Mudderoy
NAXJA Forum User
- Location
- Katy, Texas
IR Temp gauge is aces! $85 for a Fluke off of Amazon.
if it only happens on the freeway it is probably your clutch fan, google how to test cause i dont remember it is either supposed to be hard to spin when hot or easy. you should be able to find the info i think it is even in the chiltons. and i got 20 bucks that says thats your problem.
Minor revision: The notorious "0331" head. Look for milky residue on oil filler cap. I get the other head numbers scrambled, but not the one on my 2000.
The head is a 0630 ,I'm still running all renix electronics ,sensor in the rad and two on the t-stat housing .
It is a open cooling system .
The ac compressor is a conversion ,orignal to the jeep as far as I know .
Ill have to try the high rpms n the drive way test .
I don't have a ir gun ,that ll be on the list of things to get .
T-stat is deffinatly in the right way .
Ill cheack the voltage on the 02 sensor .
Thanks for all of your help so far.
Ill post up some pics in a few so u can see exactly what I have going on that might help.
I can not burp the system using the sensor port in the back of the head beacouse its blocked of . Which is the reason that the sensor is now in the t-stat housing , I did drill holes in the t-stat to help with that tho.
I went with the rad that I have specificaly for the reason that it has the switch housing in the stock location ,same as a renix ,but also had a filler neack to alow me to have a open conversion .
So I might look at getting a aftermarket gauge to make sure I'm getting acurait readings .the coolant has never actual boiled over of came out of the over flow tank .
It was my understanding that the switch came on at 220 and off at 210 for the renix . Gess I was way off on that .
It's really important to have confidence in your gauge, but not too good to have false confidence. The way I calibrated was to get a buddy with a scanner to read my computer temp, while I swapped in replacement sensors and senders until I could get the computer and gauge to agree. I ended up reusing a Standard sensor that was about 5 degrees warmer than my old stock unit, but went through two Standard senders and an old stock sender, until I finally found a cheapo Autozone Duralast/Wells sender that was almost exactly the same as the sensor. Now I know that when the gauge shows 190 cruising down the highway and 220 at a long red light in the summer, it is telling me the truth.
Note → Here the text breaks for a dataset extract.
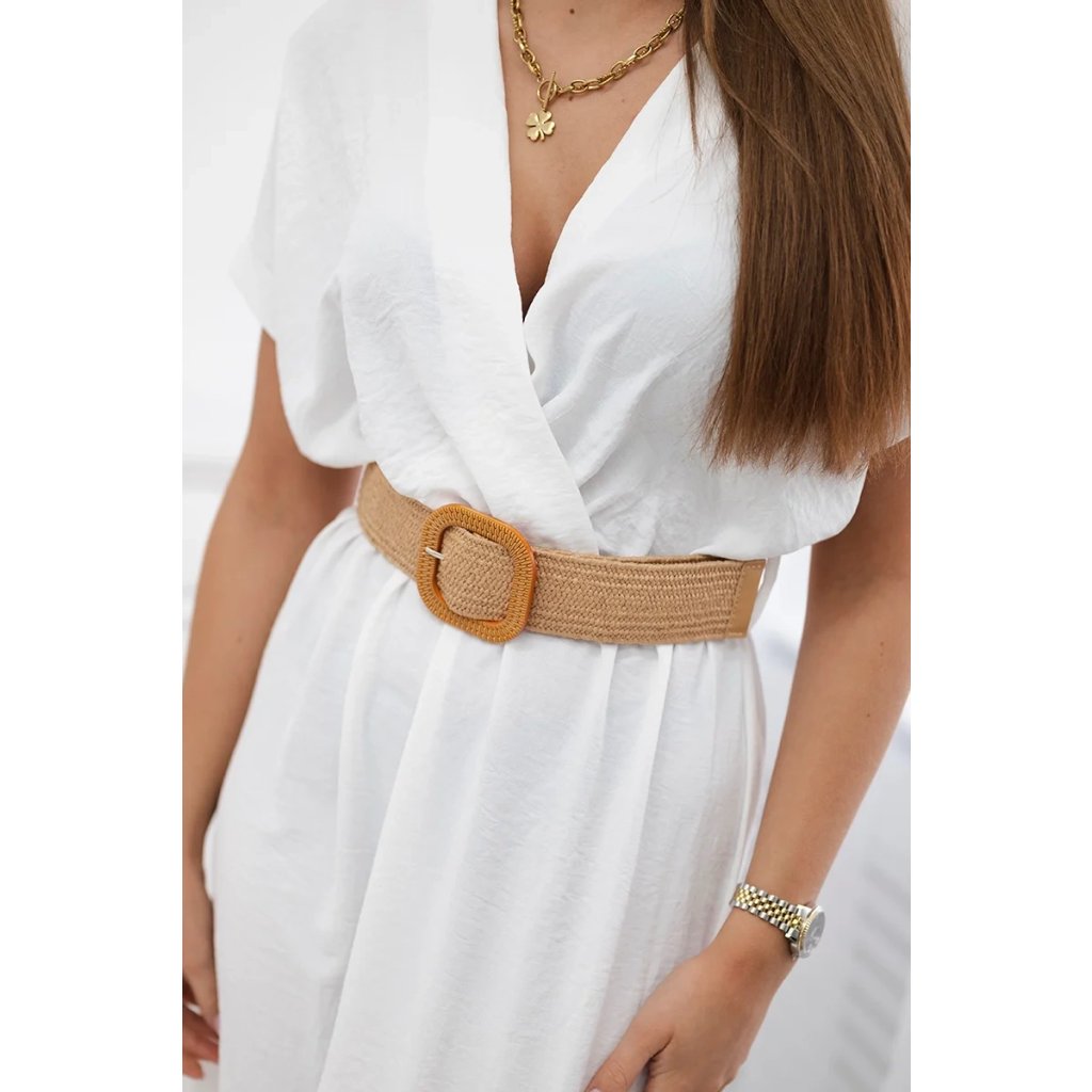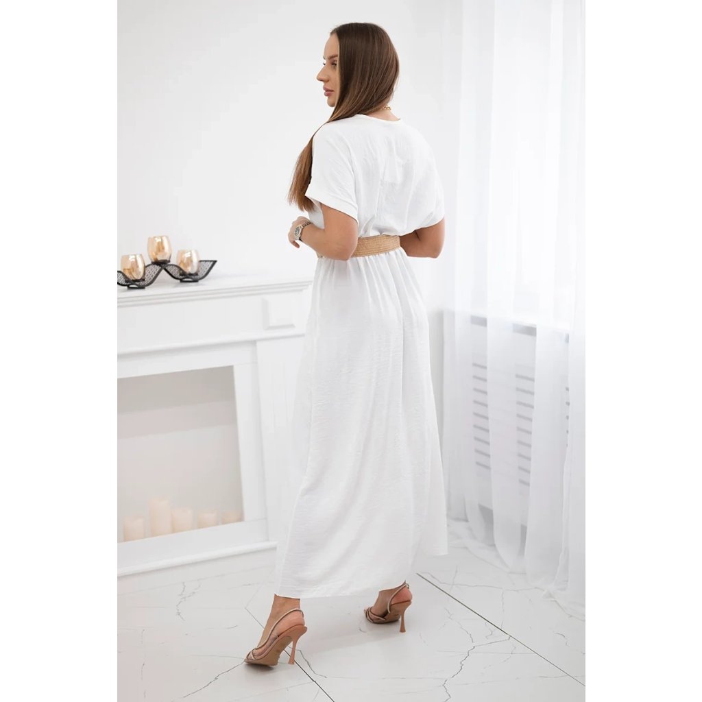 Představujeme vám pohodlné šaty s ozdobným páskem. Šaty mají dole rozparky. Šaty jsou vyrobeny z vysoce kvalitního materiálu. Velmi zajímavá nabídka pro všechny dámy. Velikost je univerzální a vyhovuje dámám, které nosí velikost S, M nebo L.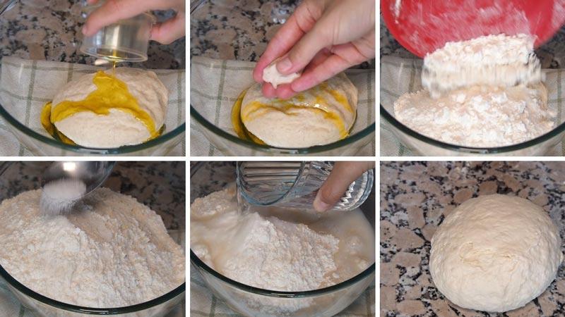 Para preparar la masa final del pan vamos a colocar el fermento previo en un recipiente amplio y limpio. Añadimos ahora el aceite de oliva virgen extra, aunque en su lugar puedes usar manteca de cerdo que suele usarse en la receta original.Ponemos también la levadura fresca de panadero desmenuzada, la harina de trigo, sal al gusto (con una cucharada sopera estará bien) y por último el agua. Mezclamos todos los ingredientes, mejor con las manos, amasamos y formamos una bola.

One other thing with the sender in the tstat housing is that the temperature fluctuations can be really extreme as the tstat opens and closes. The tstat isn't an on-off switch, but instead opens and closes as temperature rises and falls and might not fully open until over 210. Sometimes you see this with temp creep up to 220, rapidly fall to 180 as the tstat reaches fully open position, and then start slowly rising again.